Corner: Both fighters have young, talented trainers who have guided them their entire pro careers. Zaveck is trained by Dirk Dzemski, a former European-ranked middleweight from Magdeburg, Germany (where he now trains fighters), who also coaches super middleweight titleholder (and former stable/gym mate) Robert Stieglitz. Berto has been trained by Tony Morgan since he was a 12-year-old amateur. Morgan, who also trains welterweight prospect Joseph Elegele, does not have the pro boxing background that Dzemski has, but he knows his fighter very well and he’s a good strategist. Dzemski, who also shares a close bond with his fighter, is probably better at instilling proper technique.
Outcome: This will be a hotly contested fight between two top-five welterweights.
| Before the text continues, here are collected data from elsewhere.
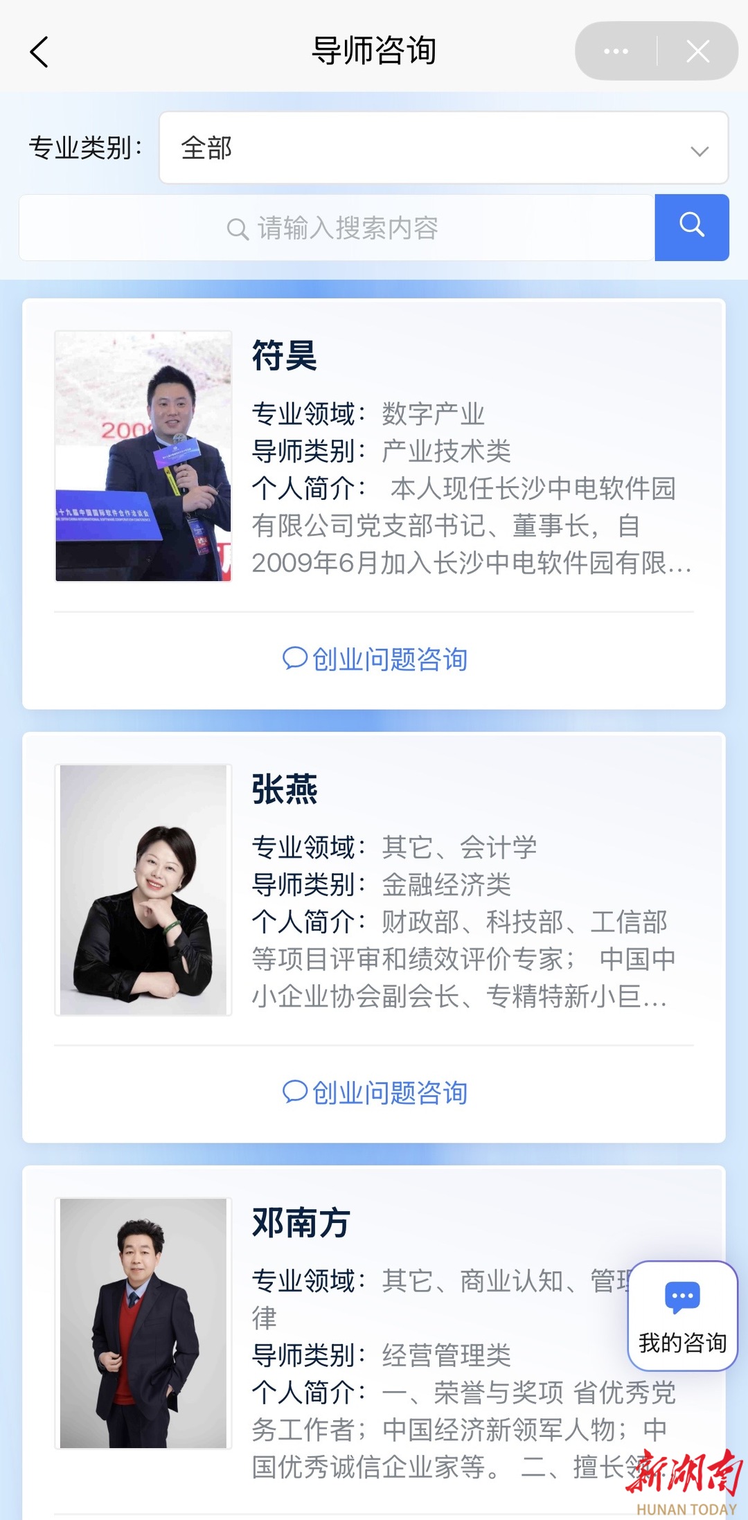 无论是产业技术、金融经济还是经营管理领域的专家,如中电软件园董事长、财政部评审专家等,你都可以通过“导师咨询”通道“一键提问”。
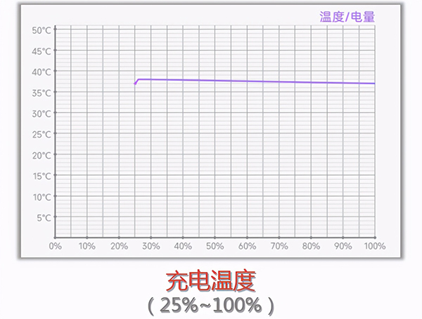 考慮到日常使用不會(huì)剩余2%才充電,再補(bǔ)充一個(gè)殘血充電測試。初始電量25%,充電過程基本呈線性,大約每5分鐘增加10%,最終37分鐘充滿。殘血情況下,充電溫度控制還不錯(cuò),不超過38度。
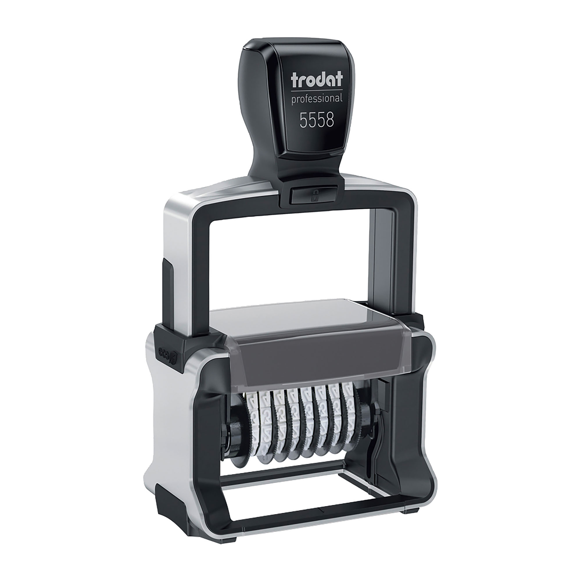 Timbro numeratore autoinchiostrante personalizzabile con testo e logo per uso professionale.
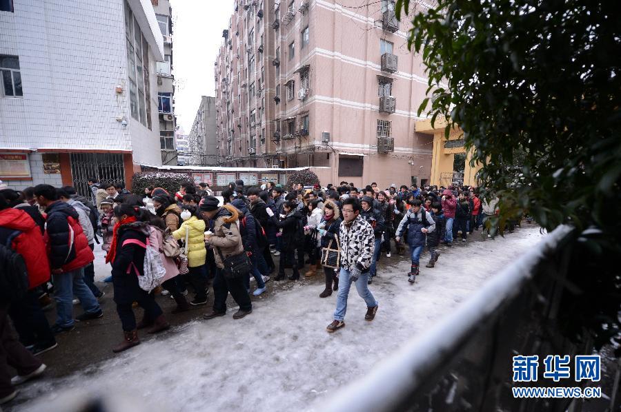 1月5日,在江西南昌市十中考点,考生们进入考场。当日,2013年全国硕士研究生招生考试拉开帷幕。据统计,今年全国共有约180万人参加考试,创历史新高。 (记者:周密)
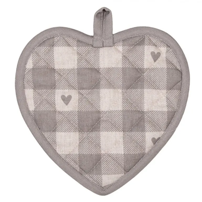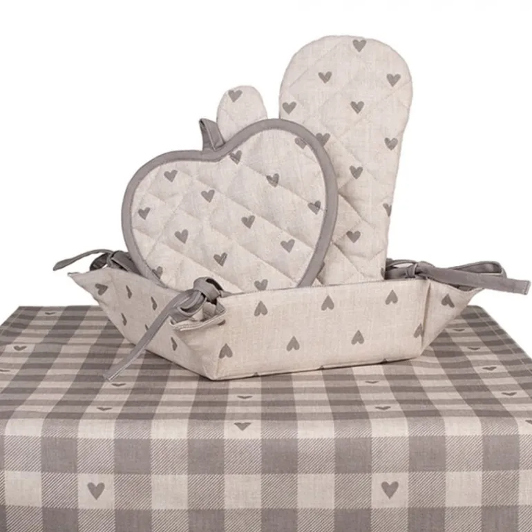 Gemaakt van een katoenen stof met een landelijke ruit gecombineerd met lieflijke hartjes. De serie is verkrijgbaar in de kleuren rood/wit en beige/grijs.
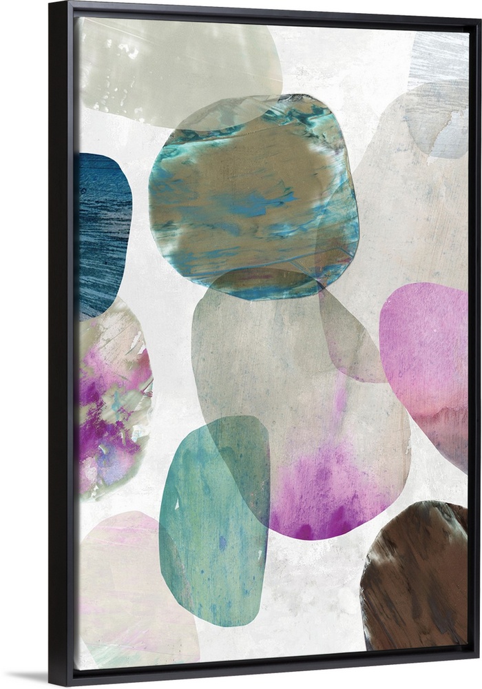<p>Contemporary painting of multi-color circles in tones of pink, brown and blue in the appearance of stones.</p>
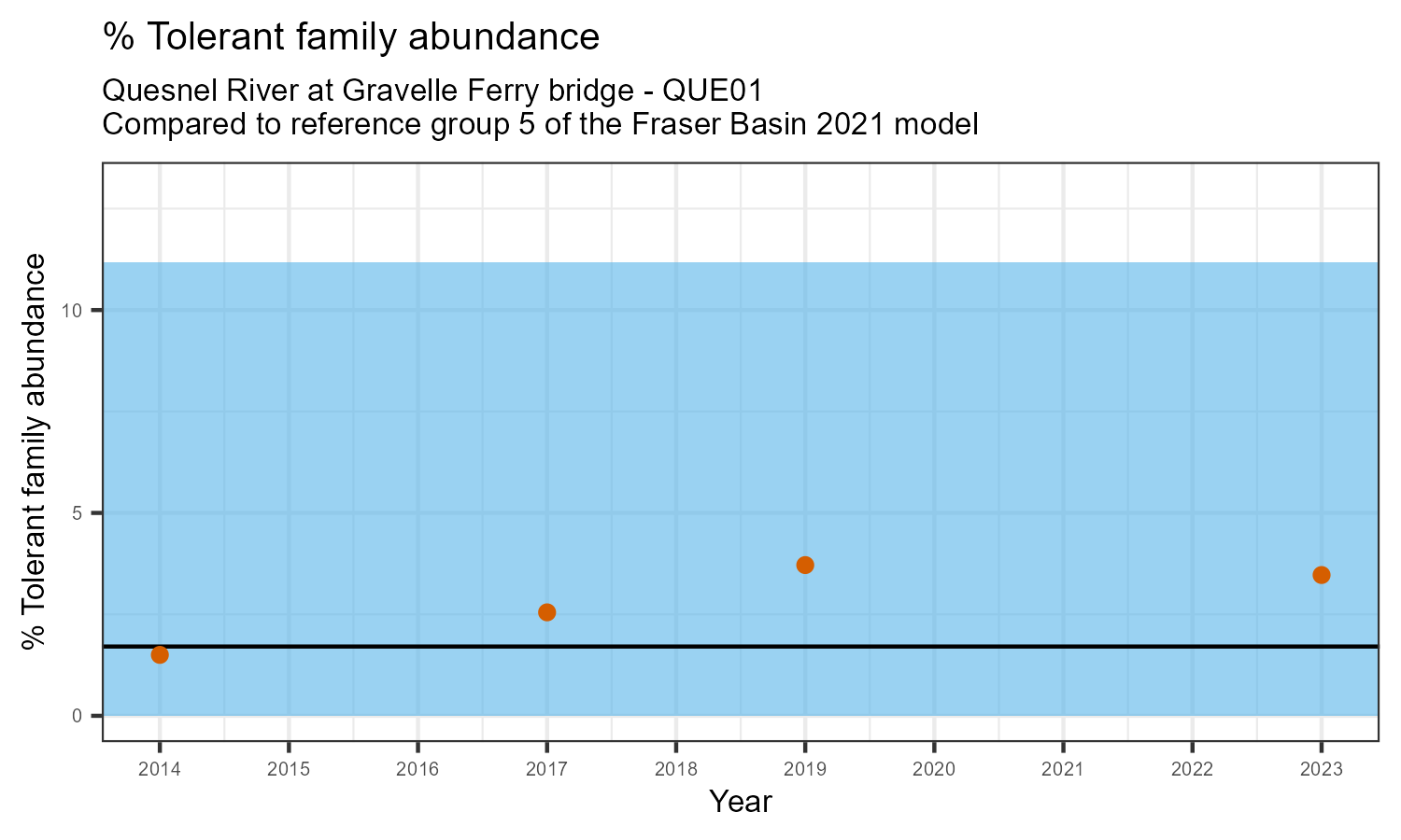 % Tolerant family abundance is the proportion of taxonomic families that are tolerant to pollution, according to the Hilsenhoff Biotic Index. The % tolerant family abundance may increase as water pollution increases.
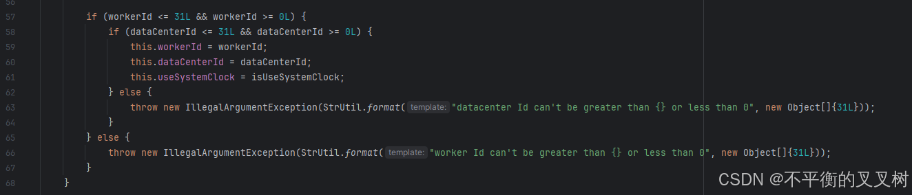 hutool工具有对配置的workerId 和 datacenterId进行范围校验。不在取值范围里将会出现异常。
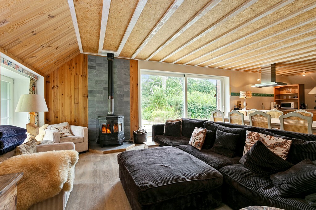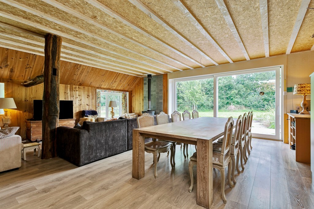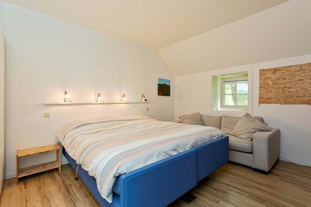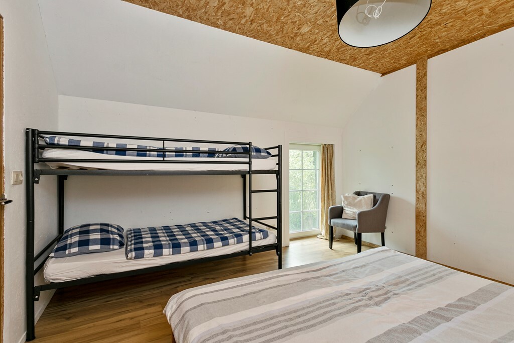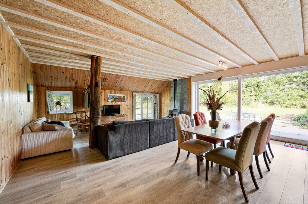De keuken staat in open verbinding met de lichte woonkamer, voorzien van houtkachel en grote raampartijen met schuifpui naar het landschap. Vanuit de woonkamer bereikt u de tweede slaapkamer en badkamer met douche, toilet, wastafel en ligbad.

Zaveck, who claims to be in the best shape of his career, will take the fight to Berto using intelligent pressure. Zaveck will beat Berto to the jab in the early rounds, but the challenger will land the harder punches, usually countering from an angle or punching on the fly. By the third round, Berto will learn that he can catch Zaveck with uppercuts and hurt the titleholder with body shots. However, he will also find that the Slovenian veteran is more than willing to fight through adversity. Zaveck will get on his toes and utilize in-and-out movement in the middle rounds, occasionally snapping Berto’s head back with well-timed one-two combinations. The IBF beltholder will land his best punches of the fight when he’s able to maneuver Berto to the ropes, which he achieves in rounds seven, eight and nine. Although Zaveck will rock Berto with accurate two- and three-punch combinations a few times, the former titleholder will land his share of counter right hands and uppercuts off the ropes that bust up Zaveck‘s face. Zaveck presses hard in the championship rounds and is met with a strong rally from Berto who buzzes the titleholder with uppercuts and hooks. The two slug it out on even terms until the bell in the final round.
Prediction: Berto wins a close, perhaps controversial, decision.